Truth be told, I welcome all the messes, all the rushed time frustrations, all the failed attempt to control the chaos, the over exaggerated, unrealistic empty threats for ceasing tantrum behavior, along with all the sleep lost hours. I welcome it all, with open arms and look forward to the next "get right in the thick of it" time to come. With little bodies, recharging their batteries all snug in their beds, in the lull of tonight's quiet house, I'm able to ignore the mess surrounding me, that will demand my attention tomorrow, and reflect on the specifics of what could easily be a blur of the past three days. The little things that add up to be greater than what is often the misinterpreted purpose.
Although I'm always aware of the importance of my family, it hasn't been until recent years that I've been aware how lucky I am to have the family I do. This sounds so cliche at so many levels, but the creative part of my brain, to be able to express my thoughts in a creative and abstract way, is being overridden by whatever part is allowing me to be awake and comprehensive at this hour.
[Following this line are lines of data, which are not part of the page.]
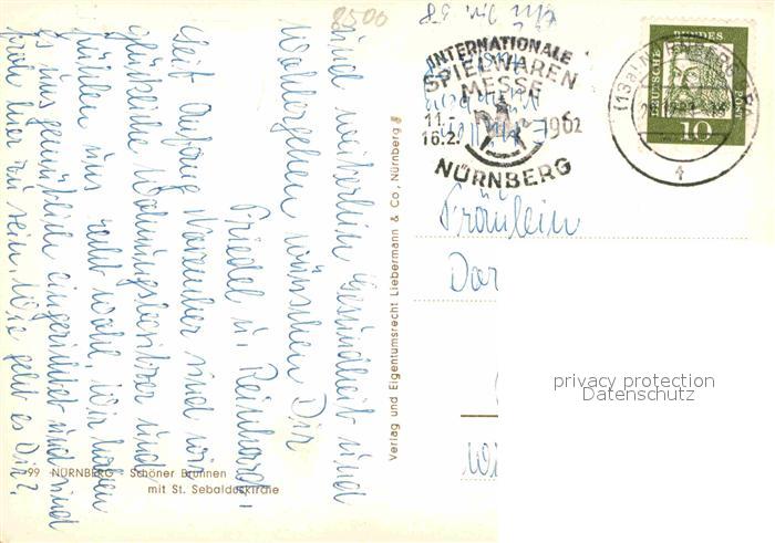 72822328 alte Postkarte NueRNBERG CITY Schoener Brunnen Sankt Sebalduskirche postalisch gelaufen Erhaltung siehe scans [AndreD76] KatCode: 11110009564000
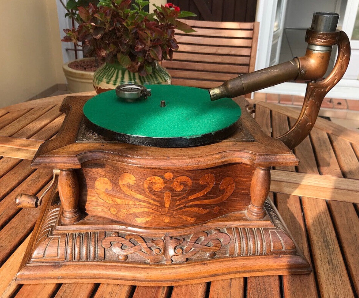 This interesting and rare Zonophone, the Grand Opéra De Luxe created in 1904, is presented in the catalog of that date as the most luxurious and expensive of the brand's models. This example, initially equipped with a floating brass bell, was modified after 1904 to provide it with a stem and an acoustic arm similar to those of a Gramophone in order to make it more maneuverable. The phonograph is working. It is offered without a horn, with an unbranded player and a Zonophone player. Note that the Swiss-made engine is not the original one and that the cruise control needs to be completed. Box dimensions: 42 x 35 x 20 cm Weight: 15 kg
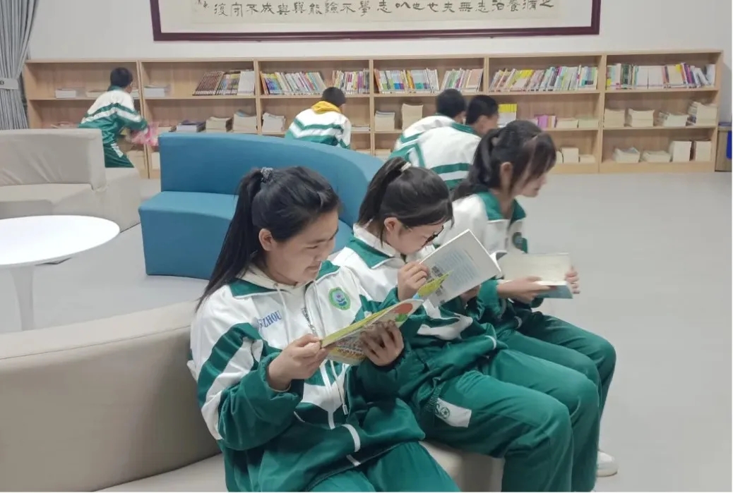 瓜州县第二中学举办了以“与经典同行 打造人生底色”为主题的读书节活动。学校在教学楼各楼层摆放图书,把书本放在离学生最近的地方,让学生随时随地阅读,学校溢满书香气息。
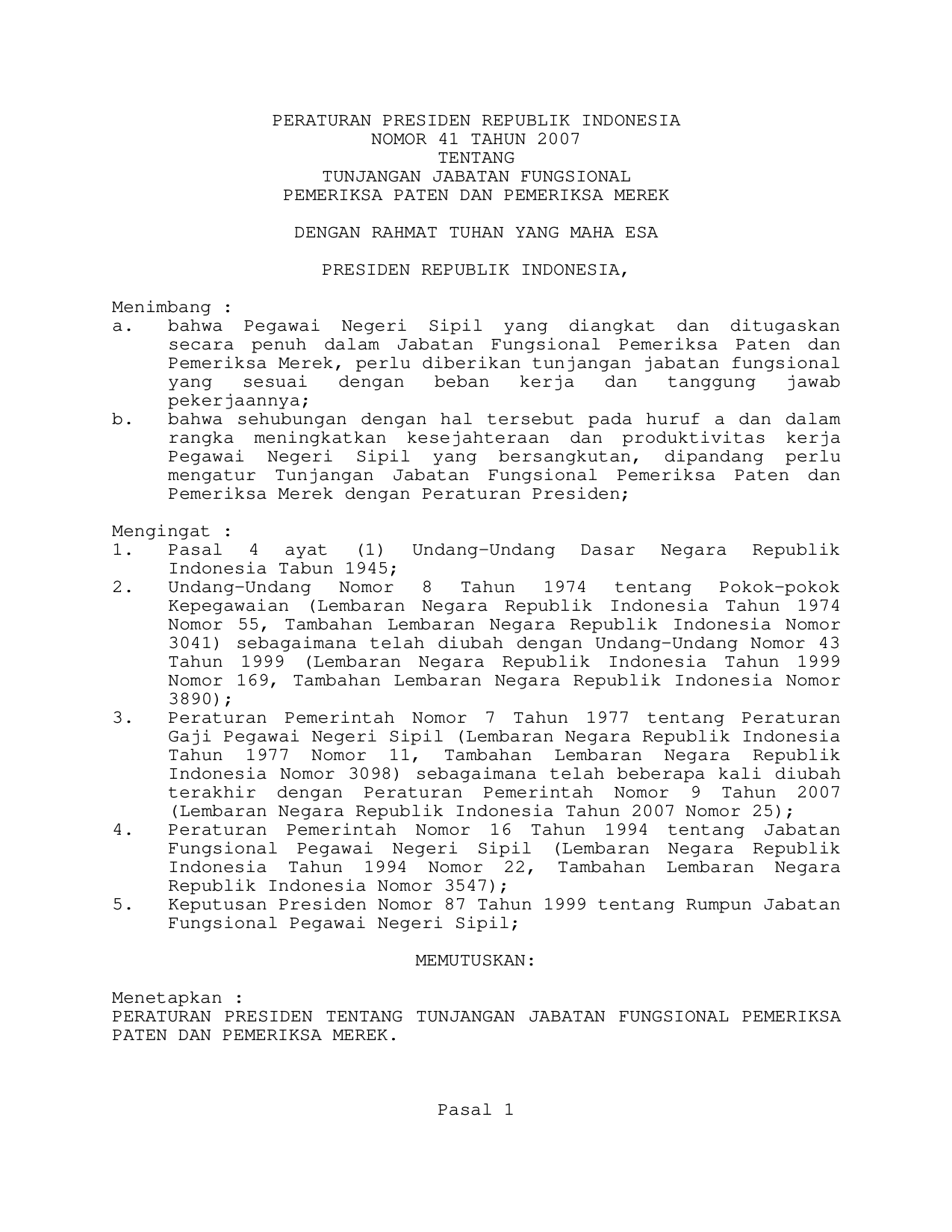 PERPRES Nomor 41 Tahun 2007 | Peraturan Presiden Nomor 41 Tahun 2007 tentang TUNJANGAN JABATAN FUNGSIONAL PEMERIKSA PATEN DAN PEMERIKSA MEREK

It all boils down to the fact that my family rocks. A very welcoming, low drama, highly supportive, vent-tastic, family. The type of chemistry is so consistent, with its easy flow, is instantly comforting. A structure and ambience I try to duplicate in my everyday family structure. Wrapping yourself in fully with the aura of love, rejuvenated by the easeful laughing, and reassured by the richness each 'until next time hug' gives. Because there always is a next time.
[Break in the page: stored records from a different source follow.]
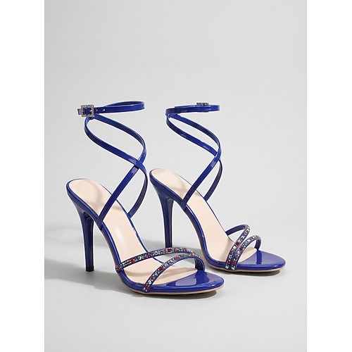 Sandali da donna blu con tacco alto e strass, eleganti scarpe da festa con tacco a spillo per la vita notturna e le serate in discoteca. eventi serali
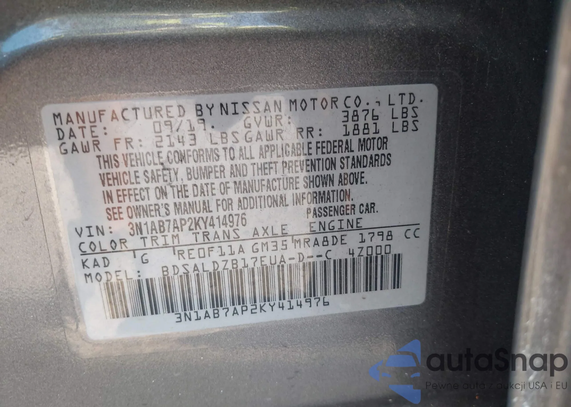 VIN: 3N1AB7AP2KY414976
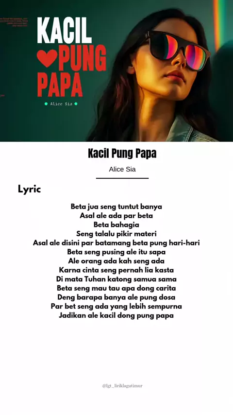 Lirik Lagu Timur Kacil Pung Papa. Alice Sia. # #lgtliriklagutimur #musiktrending #laguambon #kacilpungpapa
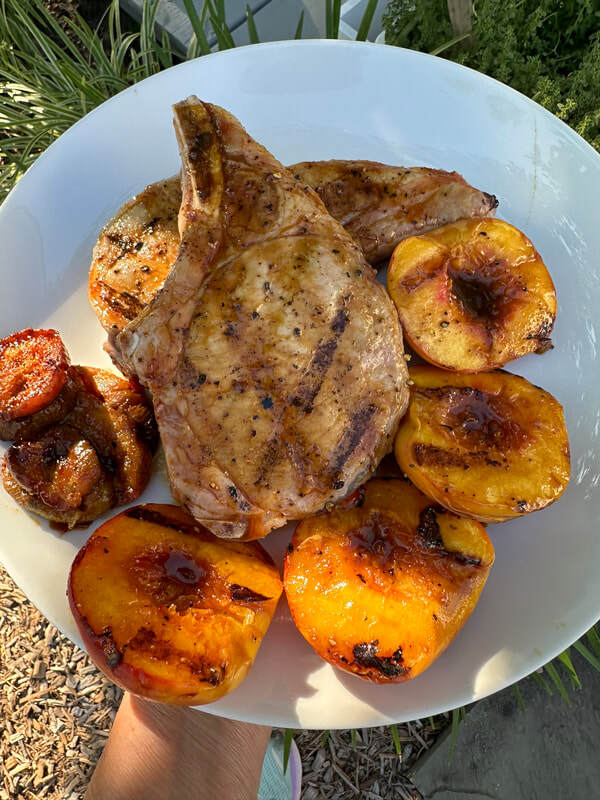 Grilled Pork Chops with Glazed Peaches
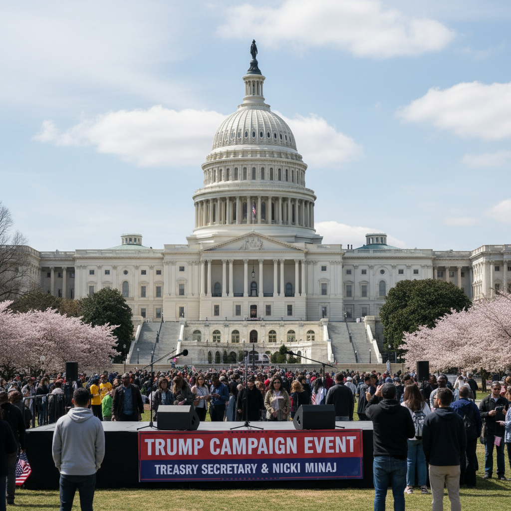Treasury Secretary Scott Bessent appeared on stage with rapper Nicki Minaj at a Trump campaign event on April 15, 2026. Bessent posted on social media that Minaj was a supporter contributing to Trump-aligned accounts, marking an unusual convergence of government officials and entertainment figures at a political rally.
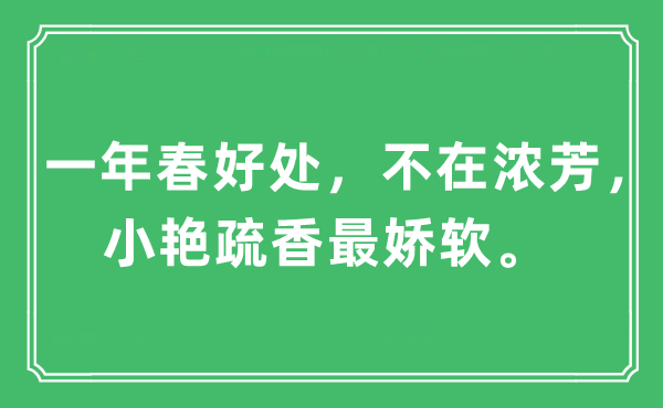 古诗词通过优美的文字与韵律,可以让我们与先贤对话、与历史沟通,下面为大家整理了“一年春好处,不在浓芳,小艳疏香最娇软。”的译文,想了解“一年春好处,不在浓芳,小艳疏香最娇软。”是什么意思、出处及原文翻译,可阅读本文,希望对大家有所帮助。![]() “一年春好处,不在浓芳,小艳疏香最娇软。”是什么意思? “一年春好处,不在浓芳,小艳疏香最娇软。”的意思是:一年之中,最美好的春天不是花团锦簇的时候,早春梅花暗香浮动、杨柳依依的景致才是最娇媚柔和的。 “一年春好处,不在浓芳,小艳疏香最娇软。”的出处 该句出自《洞仙歌》,全诗如下:
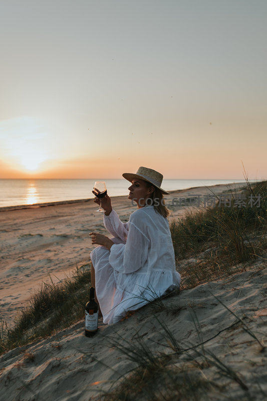 夕阳西下,一位女士坐在沙滩上,手持红酒杯静静欣赏海天一色,氛围宁静而浪漫,充满诗意。

And though I started this post last night, after falling asleep propped up in bed, hands still in the typing position, I'm finishing it this morning. The weather is blistering outside, and the fire is roaring in. With a cowboy woody snuggled on one side of me and a blanket wrapped beauty on the other, my coffee is getting colder with each delayed sip. The day is growing and though the light is dull, it's starting to pour in from the windows exposing all that has been left unattended since Santa made his arrival. Knowing I will gladly take the extra snuggle time that cold dark days ofter me, my mind is full of the things I will do when the motivation hits. There is wrapping paper to be picked up, dishes to be cleaned, toys to be put away, and organizing to be done, but right now, I'm in snuggle mode, love-em-up mode, sip my cold coffee mode, burrow into the blankets and watch Max and Ruby mode, a 'can't see myself shifting to any other gear any time soon' mode.